WHAT YOU WILL DO
With all pictures omitted, return verbatim the lines from the beginning of the records below through the line containing "문항공모 채택 확인 메일, 7월에".

── SOURCE MATERIAL

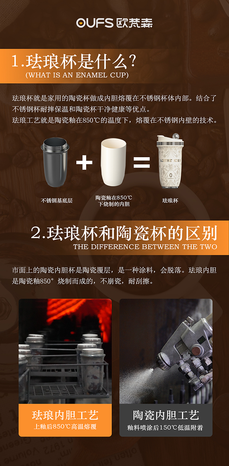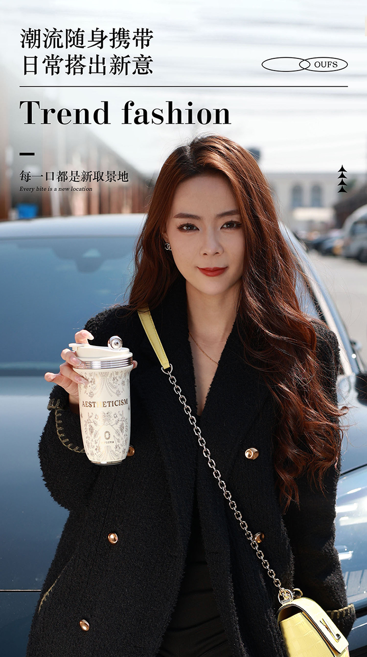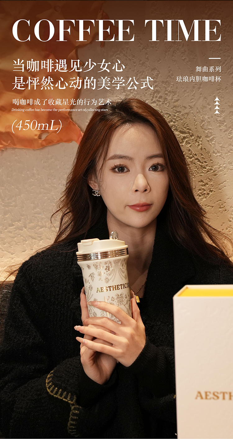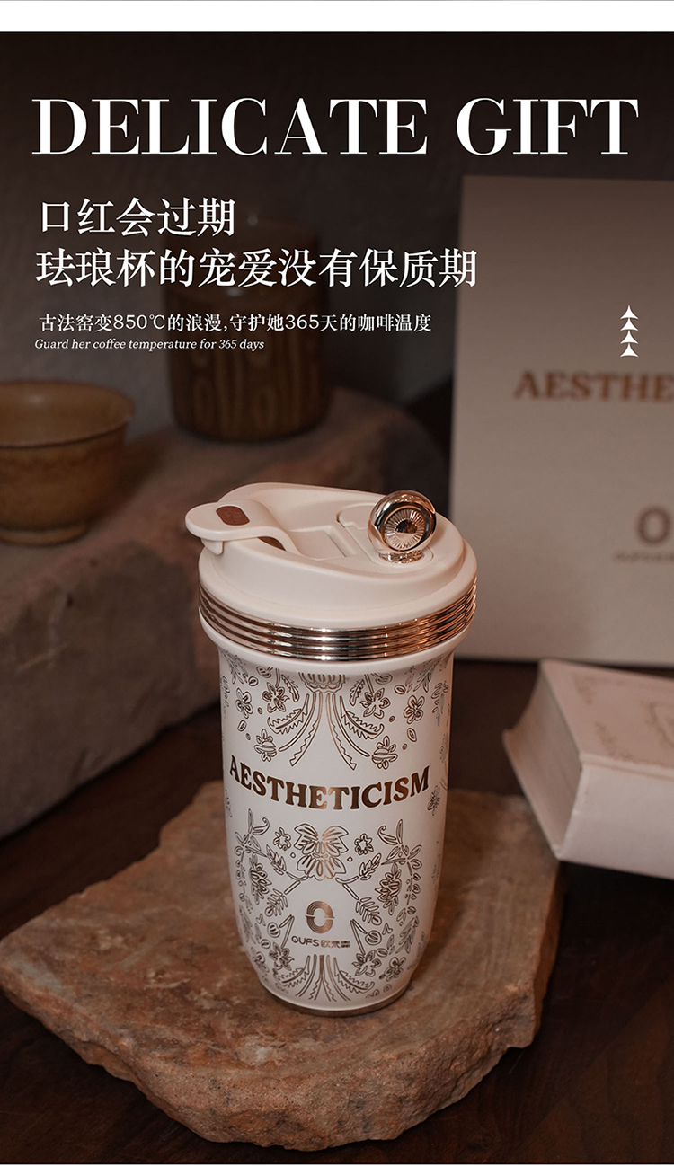 OUFS欧梵森真健康珐琅保温杯 99.9%抗菌锁味 女士高颜值水杯长效保温450ml咖啡杯
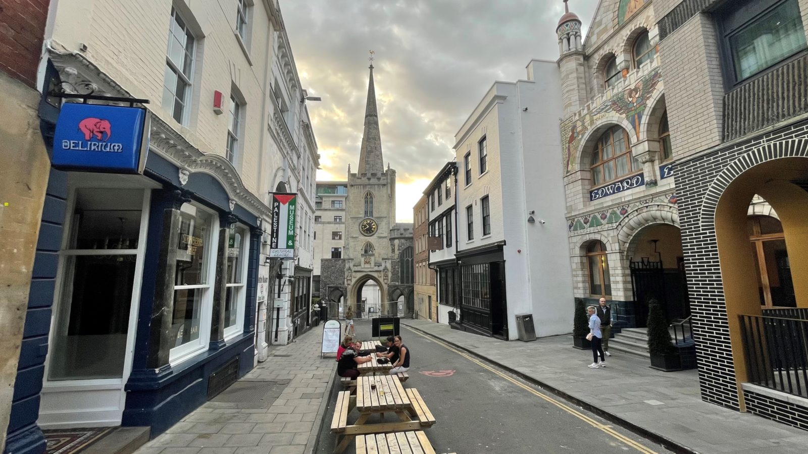 The church used to border Gropecunt Lane, now known as Nelson Street
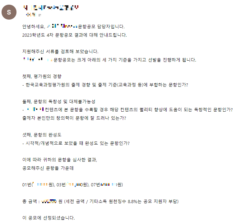 문항공모 채택 확인 메일, 7월에 받은 팀 검토진 합격 메시지를 받았던 때만큼 기뻤다.
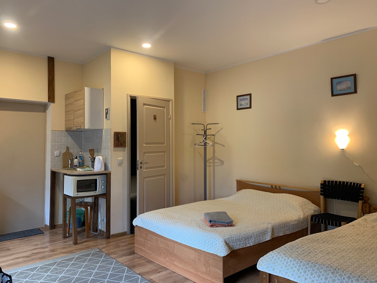 Ovaj prostrani stan (57 m2) ima veliki dnevni boravak i dve spavaće sobe sa visokim plafonima. Toplo je i udobno sa dva grejača na drva. Nalazi se u staroj drvenoj kući, smještenoj u centru u mirnom dvorištu, na 10 minuta ležerne šetnje od Trga gradske vijećnice.
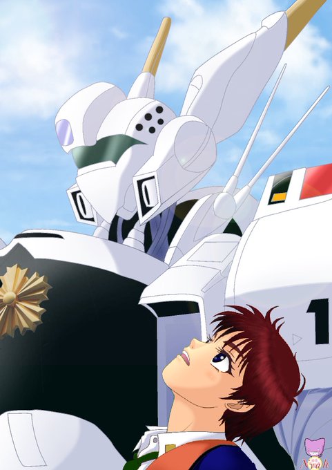 #泉野明生誕祭2021 「#機動警察パトレイバー」より、#泉野明(いずみのあ)たそ。 「うん!やっぱあたしの #アルフォンス はイケメンだ!」 #イングラム1号機 の絵は過去絵の流用です。 #みんなで楽しむTwitter展覧会 #イラスト好きと繋がりたい #イラスト #泉野明誕生祭2021
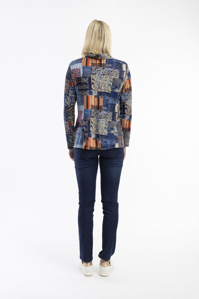 The Cowl Neck Top is a must-have for adding color and style to any outfit. Designed with a soft, draped cowl neckline and a relaxed fit, it offers a flattering silhouette that’s both stylish and comfortable. Crafted from a sustainably sourced rayon blend, this top feels luxuriously soft against the skin while keeping you cozy during the colder months. The rich colors and unique patchwork prints make it a standout addition to your winter wardrobe.

────

EXERCISE RESPONSE
 OUFS欧梵森真健康珐琅保温杯 99.9%抗菌锁味 女士高颜值水杯长效保温450ml咖啡杯
 The church used to border Gropecunt Lane, now known as Nelson Street
 문항공모 채택 확인 메일, 7월에 받은 팀 검토진 합격 메시지를 받았던 때만큼 기뻤다.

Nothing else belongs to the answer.